In this class, students will have the opportunity to work with live models to experience portrait drawing from direct observation. Throughout the multi-class poses (same model, same setup, over the course of at least two sessions), students will create finished works of art that attempt to capture the sitter’s likeness in a realistic manner. Students will receive group instruction during the sessions focusing on anatomy and facial structure. Individual guidance will be given throughout each class.

information covered

  • Setting up a live model with attention to point of view and lighting.
  • Beginning the drawing: strategies for starting a portrait and blocking in the proportions and gesture of your subject effectively at the beginning of the live model session.
  •  Working in stages: We’ll cover in-depth how to develop a drawing- going from broad sketch, to developed construction, to anatomical description, to individual features and details, and on to finished tonal statement.
  • Anatomy: Proportions, skull structure, features, musculature, gender, age, emotion.
  • Rendering: Understanding light and volume to create three-dimensional facial form and how to use pencil and charcoal in a technical manner when applying tone.

class work

Every session will have a model. Students can expect to finish at least three portraits using either graphite or charcoal. Classwork may involve exercises alongside the longer term drawings.

FIGURE SCULPTURE

In this class, students will work with water based clay to create figure sculptures from a live model. This class is open to everyone, even if you have never sculpted before. Students will receive detailed instruction of modeling techniques and the tools used by sculptors to create three dimensional form.
Throughout the lessons, students will receive group instruction on the anatomy of the human body and creating three-dimensional representations of anatomical form.

information covered

  • Building a Sculpture Armature: Students will begin the sculpting process by creating a wire armature to support their work (each finished figure sculpture will be approximately 40cm tall)
  • Working with water-based clay: There are many different types of clay- porcelain, polymer, plasticene and ceramic. For this course we will use ceramic clay since it is the easiest to mold and offers great flexibility depending on how wet or dry it is. Students will begin their experience with “sculpting in the round” with this versatile medium and create basic simple forms with an eye to correctness of volume from all viewing angles.
  • Using tools to establish and refine three dimensional forms: The use of files, rakes, shaping tools, chisels, sponges, and loops will all be covered.
  • Initial volume statement: Students will learn how to work from a broadly generalized base of blocky volume relationships. Without the correctness of this underlying structure, no amount of details is going to improve the work.
  • Anatomical Proportions: Students will learn the size relationships of the different parts of the human body and learn how to measure and translate those proportions into their sculpted form.
  • Developing further – defining body parts: how to sculpt the torso, pelvis, head, arms, legs, hands and feet.
  • Refining techniques: Sculpting details and refining the clay surface to make it smoother.

class work

Students will create one figure sculpture (approx 40cm tall) over the course of the workshop. We will be working with one live model throughout the 8 weeks but will begin the first classes learning how to build an armature and the basics of sculpture techniques without the model present. Throughout the lessons, students will receive individual guidance as well as group lectures discussing points of sculpting and the anatomy of the human body. Please note: we will not be casting the sculptures in plaster. Students may keep their work but it will need to be covered in order to prevent it from drying out and cracking.

COMPOSITION AND DESIGN

In this class, students will learn how to take control of a picture’s visual message through a deep study of all the elements that go into a successful compositional design.

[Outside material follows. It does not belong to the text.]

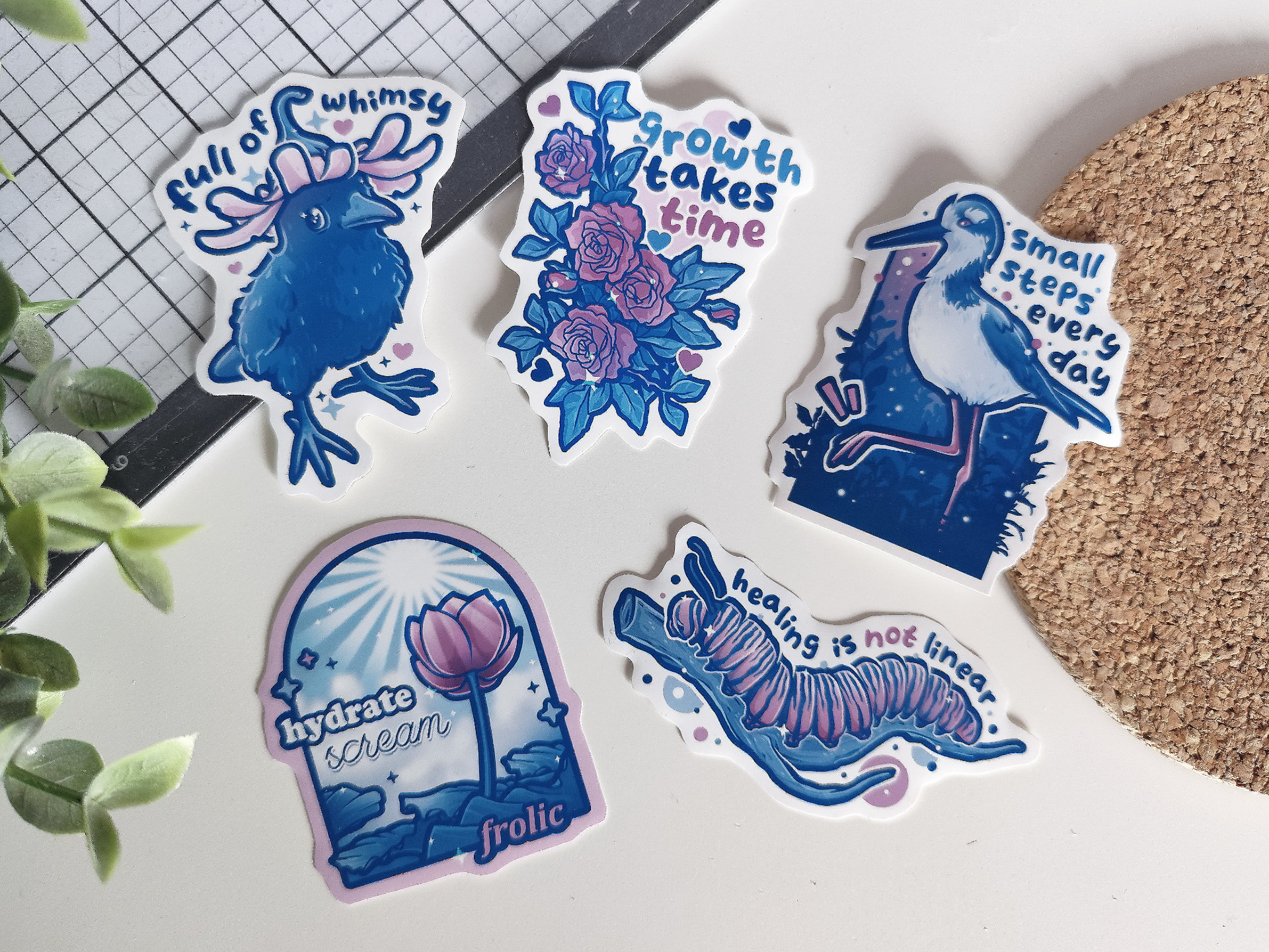 ✸ Velikost: "Full of Whimsy" - 6 x 8 cm, "Growth Takes Time" - 5.50 x 7.50 cm; "Small Steps Every Day" - 5.50 x 7 cm; "Hydrate, Scream, Frolic" - 5.50 x 6.50 cm; "Healing Is Not Linear" - 8.50 x 4 cm

It’s not by accident that great works of art command our attention. The compelling visual story they tell goes far beyond whatever style they are painted in or the scene that they show. The architecture of their pictorial design is essential in elevating them to a place of harmonious transcendence.

Even if we can’t describe what makes a picture work with snobby art terms, the picture “just works”. Why is that? What is it that is happening and how can we as artists take control over how a viewer visually interacts with the painted world on our canvas?

This course will help unlock the secrets to compositional success and give students the tools to take control over decisions of visual arrangement.

information covered

  • Dynamics of the picture plane: Every canvas onto which we paint our picture has a specific ratio which governs the visual design that takes place between it’s edges. Learn how to best compose within different formats: Every canvas onto which we paint our picture has a specific ratio which governs the visual design that takes place between it’s edges. Learn how to best compose within different formats
  • The basics- principles of design: Easy to learn, but take some practice to identify and utilize effectively. They are: balance, pattern, rhythm, emphasis, contrast, unity. We’ll analyze important works of art to hone our skills in understanding the building blocks of composition.
  • Compositional armature: Similar to sculpture, in which an armature is used as a structure to guide the direction or movement of a piece. We will learn about 12 types of compositional armatures which set up the visual movement within a work.: Similar to sculpture, in which an armature is used as a structure to guide the direction or movement of a piece. We will learn about 12 types of compositional armatures which set up the visual movement within a work.
  • Designing with abstract shapes: Even if a picture is “realistic”, it’s still comprised of an arrangement of flat shapes on a 2 dimensional surface. Learn how to put the puzzle pieces together to establish a harmonious whole.
  • Selection: Choosing the right amount of information to suit the artistic aim of your work.
  • Establishing a center of interest: and balancing it with subdominant elements to create a harmonious visual arrangement.
  • Massing: The importance of establishing the “first look”. Say 20 pictures are on the gallery wall, yet only one draws our attention immediately from across the room. What’s going on there?
  • Value: We’ll strip down the compositional process to bare bones, by studying design through the use of notans or two value arrangements. Moving on to three value arrangements, we’ll analyze works of art and create our own works based on their design.
  • Colour: Hue schemes and temperature relationships. Although colour is not the most important element in compositional design, it does play a role which we will touch upon as the workshop wraps up.

class work

Since there is a broad range of topics we must cover, the majority of classwork will be exercises along with one culminating individual project. The only way to get a deep understanding of composition is to analyze and make many works. Longer term individual projects based off of class work can be initiated by students but is entirely optional. You won’t finish the class with one masterpiece, but you will most definitely be armed with a whole new body of knowledge to vastly improve your own work.

BOTANICAL ILLUSTRATION

Petals, leaves, stems, roots, seeds… if you are interested in learning how to make pictures of the world of flowers and plants, then this is the class for you. Working from real subjects or picture references (student choice) we’ll focus on drawing all parts of our subjects with accuracy.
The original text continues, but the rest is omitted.